主催: The Japanese Pharmacological Society, The Japanese Society of Clinical Pharmacology
会議名: WCP2018 (18th World Congress of Basic and Clinical Pharmacology)
開催地: Kyoto
開催日: 2018/07/01 - 2018/07/06
Cancer arises through the accumulations of both genetic and epigenetic alterations. Although the causal role of genetic mutations on cancer development has been established in vivo, similar evidence for epigenetic alterations is still limited. Moreover, mutual interactions between genetic mutations and epigenetic alterations remain unclear. Cellular reprogramming technology can be used to actively modify the epigenome without affecting the genomic information. Here I introduce our recent studies that utilized this property for cancer research.

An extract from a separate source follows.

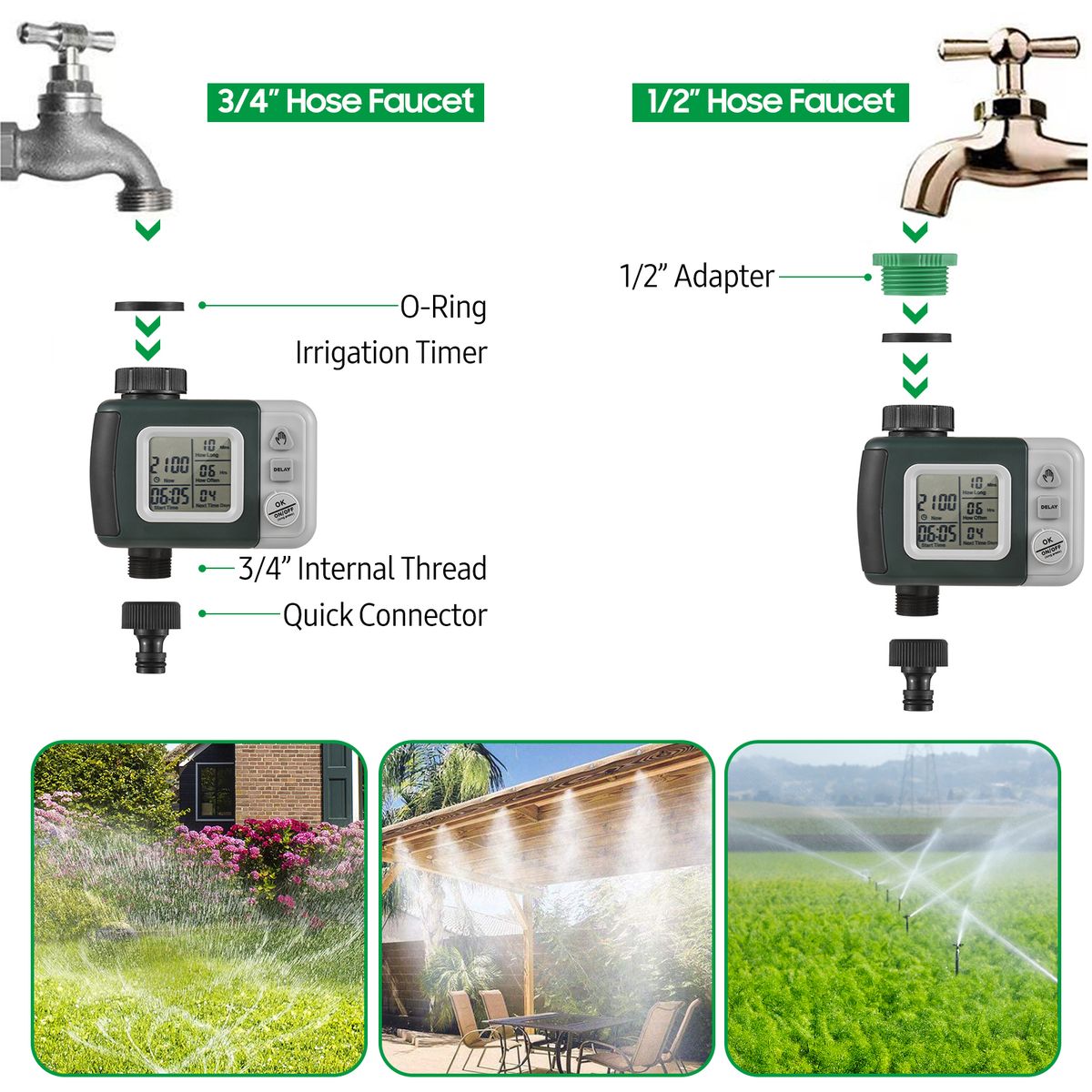 Intelligent water irrigation controller makes irrigation easier, more convenient and more efficient. Battery operated design and digital display screen make it easy to use. It's suitable for plant watering, agriculture irrigation, greenhouse humidification, dust removal, cooling the courtyard and more!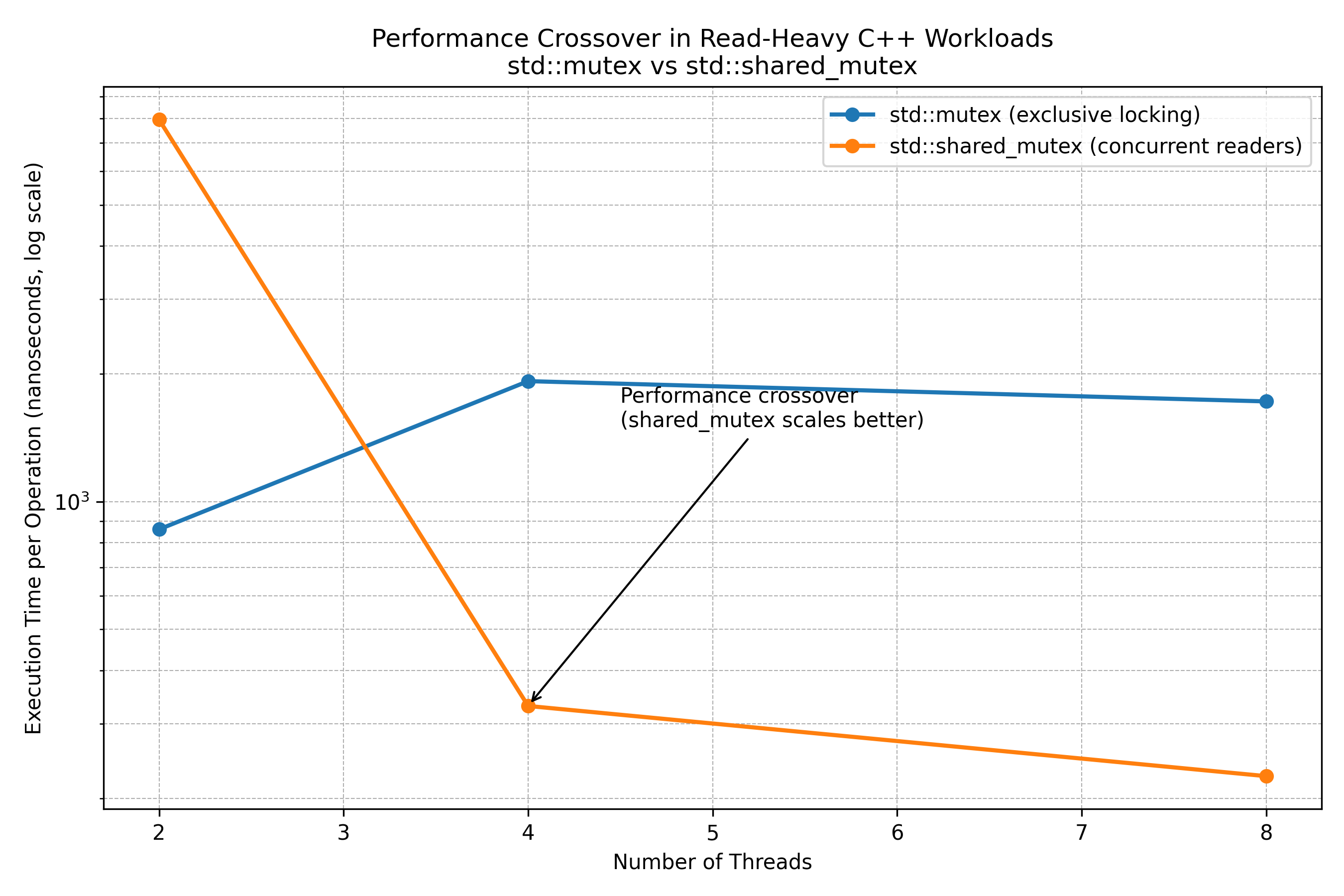 std::mutexremains a strong and efficient choice for low concurrency scenarios or write-heavy designs, where exclusive access is unavoidable anyway.- As reader concurrency increases, exclusive locking becomes a bottleneck, while shared locking allows the system to make better use of available CPU cores.

Cell type-specificity of cancer development has long been recognized. However, the underlying mechanism how particular genetic mutations transform a specific cell type remains unclear. Clear cell sarcoma (CCS), which is a rare soft tissue sarcoma caused by EWS/ATF1 fusion gene, resembles malignant melanoma, and thus is known as "malignant melanoma of soft parts". Here, we established induced pluripotent stem cells (iPSCs) from EWS/ATF1-controllable murine CCS cells harboring sarcoma-associated genetic abnormalities. Sarcoma-iPSC mice developed secondary sarcomas immediately after EWS/ATF1 induction, but the sarcomas arose exclusively in the soft tissue. Taking advantage of the one-step, cell type-specific sarcoma model, we identified a cell-of-origin for these sarcomas. Furthermore, we showed that EWS/ATF1 is preferentially recruited at enhancer of the cell-of-origin in CCS cells. All together, cancer cell reprogramming uncovered cell-of-origin for CCSs and provided a molecular basis for cell type specificity of cancer development.